A promise fulfilled on energy prices?

Kettle on gas cooker

Oh the joy of a policy delivered! The sweet taste of a promise fulfilled!

So used are we to the compromise and fudge of government that when a politician actually does what they said they would do, there is much rejoicing in heaven. Or at least in Downing Street.

Take, for example, David Cameron's tweet earlier this morning. "My promise to ensure energy customers get the lowest tariff is being delivered, despite Labour saying it couldn't be done."

You can almost hear them dancing around in No 10.

We did it, we did it! We got one over the critics, the doubters, the Labour party, all those who wondered what on earth the prime minister was up to when he told MPs last month that the government would legislate so that energy companies have to give the lowest tariff to their customers.

Now there is much discussion about whether or not the prime minister has actually delivered on his promise.

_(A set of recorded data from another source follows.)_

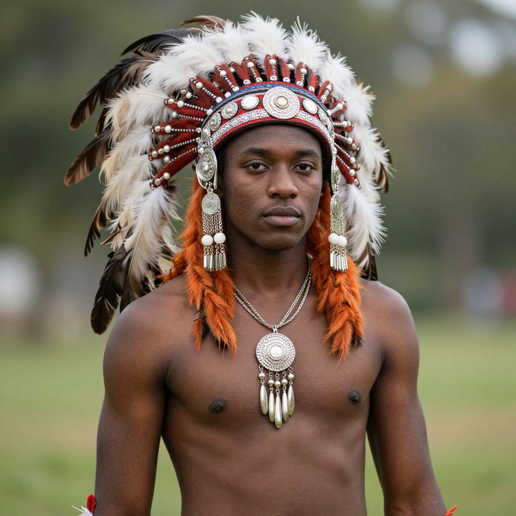 Photograph of a shirtless, dark-skinned man wearing a white and red feathered headdress with orange accents, silver necklaces, and detailed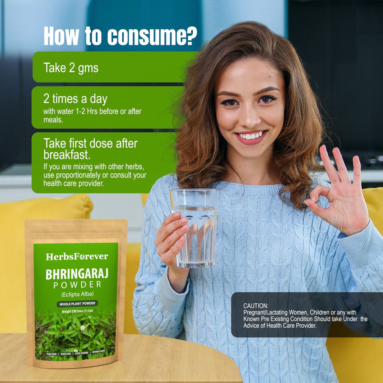 - O Pó Bhringraj Ajuda Na Função Saudável Do Fígado. Como O Fígado É O Controlador Do Metabolismo Do Corpo. Assim, Melhora O Metabolismo Do Fígado E Fornece Força Ao Corpo Rejuvenescendo Cada Parte Do Corpo. Ajuda Na Digestão De "ama" (alimentos Não Digeridos). O Pó Bhringraj Ajuda Na Purificação Do Sangue. Ajuda A Promover Uma Aparência Brilhante. Pode Ser Tomado Por Via Oral Ou Aplicado Na Pele Diretamente Na Forma De Uma Pasta.
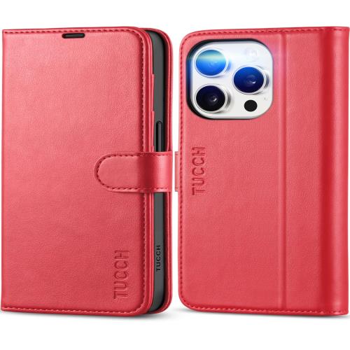 TUCCH iPhone 15 Pro 対応 ケース 手帳型 iPhone 15 プロ ケース 手帳型 高級PU合皮 衝撃吸収 [RFIDブロッキング] カード収納 スタンド機能 便利なマグネット式 アイフォン15 Pro カバー (2023年発売 アイフォン15 Pro 5G 6.1 インチ 対応) レッド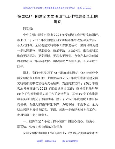 / 在2023年创建全国文明城市工作推进会议上的讲话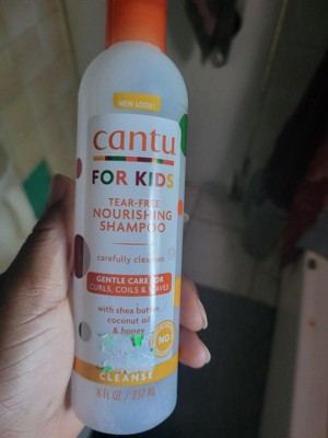 Can't for kids tear free nourishing shampoo is a gentle, moisturizing wash that blends Shea butter, coconut oil and honey to keep children's curls,coils and waves soft. It cleanses nicely and leaves hair easy to detangle. It leaves no residue behind and its safe to use on sensitive scalp and delicate kids hair.

Experts are scanning the detail of the consultation document published today by the energy department.

People are parsing minutely Mr Cameron's precise words to Parliament. Is it really fair to describe a tariff as the cheapest when it's the only tariff?

But that is not really the point. What matters is whether or not people see that their energy bills go down as a result of these changes and give the government credit for it. We cannot judge that yet.

The risk is that the changes raise expectations that are not fulfilled. Those informed and educated energy switchers who hunt monthly for the cheapest tariff may end up paying more. Those older folk on expensive legacy tariffs may get a cheaper deal in the short term but ultimately see their bills rise as global energy prices rise.

This is the real reason why Downing Street was so focused on getting this right. It is not the need to put some flesh on the bones of the prime minister's perhaps premature statement to Parliament. It is the need to show that this government is acting to help struggling families that are feeling the pinch.

The cost of energy is a toxic issue. It is the price rise that voters feel instantly. They may appreciate the government's simpler tariff structure now.

But if prices continue to rise the government may come under pressure to do more, such as to reduce the subsidy for renewable energy schemes that are being paid for by higher electricity bills.

Which, come to think of it, is exactly the debate raging already between the energy department and the Treasury.